WORK ITEM. All of the data below should be set down again verbatim, without any images.

DATA.

○ ○ ○ ○

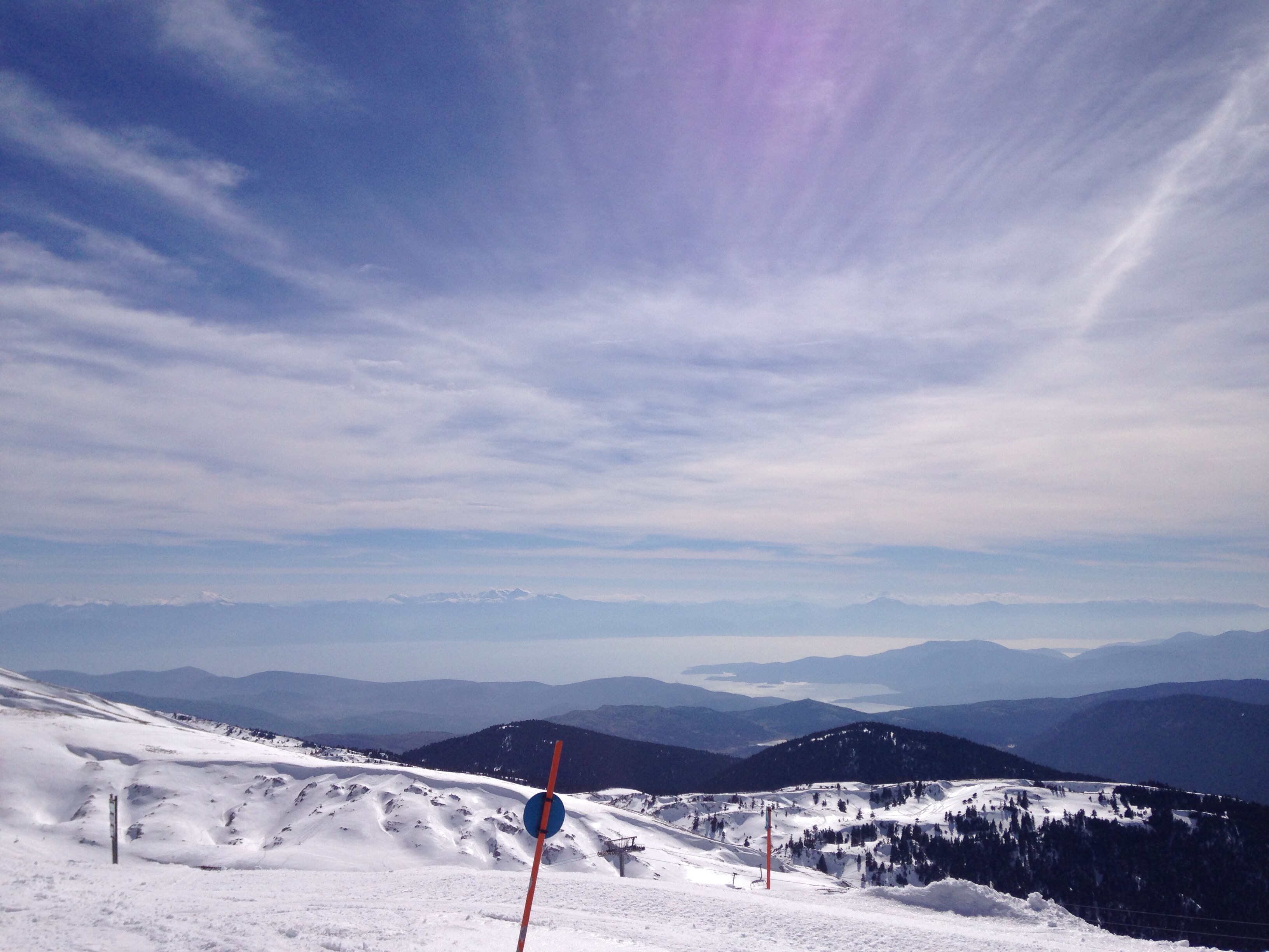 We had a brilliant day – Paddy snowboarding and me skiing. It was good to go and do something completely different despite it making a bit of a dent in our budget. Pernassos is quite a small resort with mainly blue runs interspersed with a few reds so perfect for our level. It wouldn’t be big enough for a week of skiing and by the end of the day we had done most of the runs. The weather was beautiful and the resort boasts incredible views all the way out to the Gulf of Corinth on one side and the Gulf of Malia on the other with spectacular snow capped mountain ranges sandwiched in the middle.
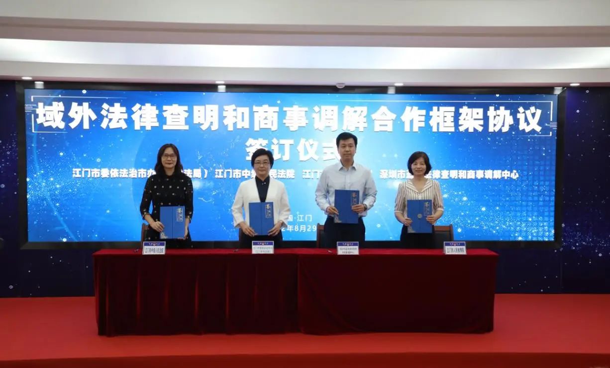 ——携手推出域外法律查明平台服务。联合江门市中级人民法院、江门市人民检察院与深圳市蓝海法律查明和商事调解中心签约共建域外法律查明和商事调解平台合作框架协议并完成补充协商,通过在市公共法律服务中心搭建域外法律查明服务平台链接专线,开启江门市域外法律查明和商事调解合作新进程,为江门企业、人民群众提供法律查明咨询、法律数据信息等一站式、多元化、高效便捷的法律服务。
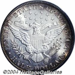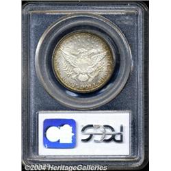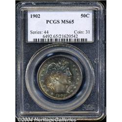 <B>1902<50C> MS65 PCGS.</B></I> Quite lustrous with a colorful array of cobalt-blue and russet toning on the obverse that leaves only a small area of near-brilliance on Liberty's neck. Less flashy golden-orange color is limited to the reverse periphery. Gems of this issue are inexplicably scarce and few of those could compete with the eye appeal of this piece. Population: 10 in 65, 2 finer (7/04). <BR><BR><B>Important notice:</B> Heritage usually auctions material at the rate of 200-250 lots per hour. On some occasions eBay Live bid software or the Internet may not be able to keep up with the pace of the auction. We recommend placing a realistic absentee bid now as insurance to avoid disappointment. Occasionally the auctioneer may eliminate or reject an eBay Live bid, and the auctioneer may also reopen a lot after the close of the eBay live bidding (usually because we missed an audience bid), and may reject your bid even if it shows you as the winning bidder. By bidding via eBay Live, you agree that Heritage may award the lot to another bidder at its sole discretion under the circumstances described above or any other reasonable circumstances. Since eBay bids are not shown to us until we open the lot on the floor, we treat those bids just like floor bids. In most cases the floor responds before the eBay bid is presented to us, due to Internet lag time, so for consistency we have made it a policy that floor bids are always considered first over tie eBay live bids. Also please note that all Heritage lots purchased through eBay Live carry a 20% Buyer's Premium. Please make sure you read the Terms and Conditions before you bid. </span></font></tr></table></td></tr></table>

○ ○ ○ ○

SOLVED EXERCISE.
 We had a brilliant day – Paddy snowboarding and me skiing. It was good to go and do something completely different despite it making a bit of a dent in our budget. Pernassos is quite a small resort with mainly blue runs interspersed with a few reds so perfect for our level. It wouldn’t be big enough for a week of skiing and by the end of the day we had done most of the runs. The weather was beautiful and the resort boasts incredible views all the way out to the Gulf of Corinth on one side and the Gulf of Malia on the other with spectacular snow capped mountain ranges sandwiched in the middle.
 ——携手推出域外法律查明平台服务。联合江门市中级人民法院、江门市人民检察院与深圳市蓝海法律查明和商事调解中心签约共建域外法律查明和商事调解平台合作框架协议并完成补充协商,通过在市公共法律服务中心搭建域外法律查明服务平台链接专线,开启江门市域外法律查明和商事调解合作新进程,为江门企业、人民群众提供法律查明咨询、法律数据信息等一站式、多元化、高效便捷的法律服务。
 <B>1902<50C> MS65 PCGS.</B></I> Quite lustrous with a colorful array of cobalt-blue and russet toning on the obverse that leaves only a small area of near-brilliance on Liberty's neck. Less flashy golden-orange color is limited to the reverse periphery. Gems of this issue are inexplicably scarce and few of those could compete with the eye appeal of this piece. Population: 10 in 65, 2 finer (7/04). <BR><BR><B>Important notice:</B> Heritage usually auctions material at the rate of 200-250 lots per hour. On some occasions eBay Live bid software or the Internet may not be able to keep up with the pace of the auction. We recommend placing a realistic absentee bid now as insurance to avoid disappointment. Occasionally the auctioneer may eliminate or reject an eBay Live bid, and the auctioneer may also reopen a lot after the close of the eBay live bidding (usually because we missed an audience bid), and may reject your bid even if it shows you as the winning bidder. By bidding via eBay Live, you agree that Heritage may award the lot to another bidder at its sole discretion under the circumstances described above or any other reasonable circumstances. Since eBay bids are not shown to us until we open the lot on the floor, we treat those bids just like floor bids. In most cases the floor responds before the eBay bid is presented to us, due to Internet lag time, so for consistency we have made it a policy that floor bids are always considered first over tie eBay live bids. Also please note that all Heritage lots purchased through eBay Live carry a 20% Buyer's Premium. Please make sure you read the Terms and Conditions before you bid. </span></font></tr></table></td></tr></table>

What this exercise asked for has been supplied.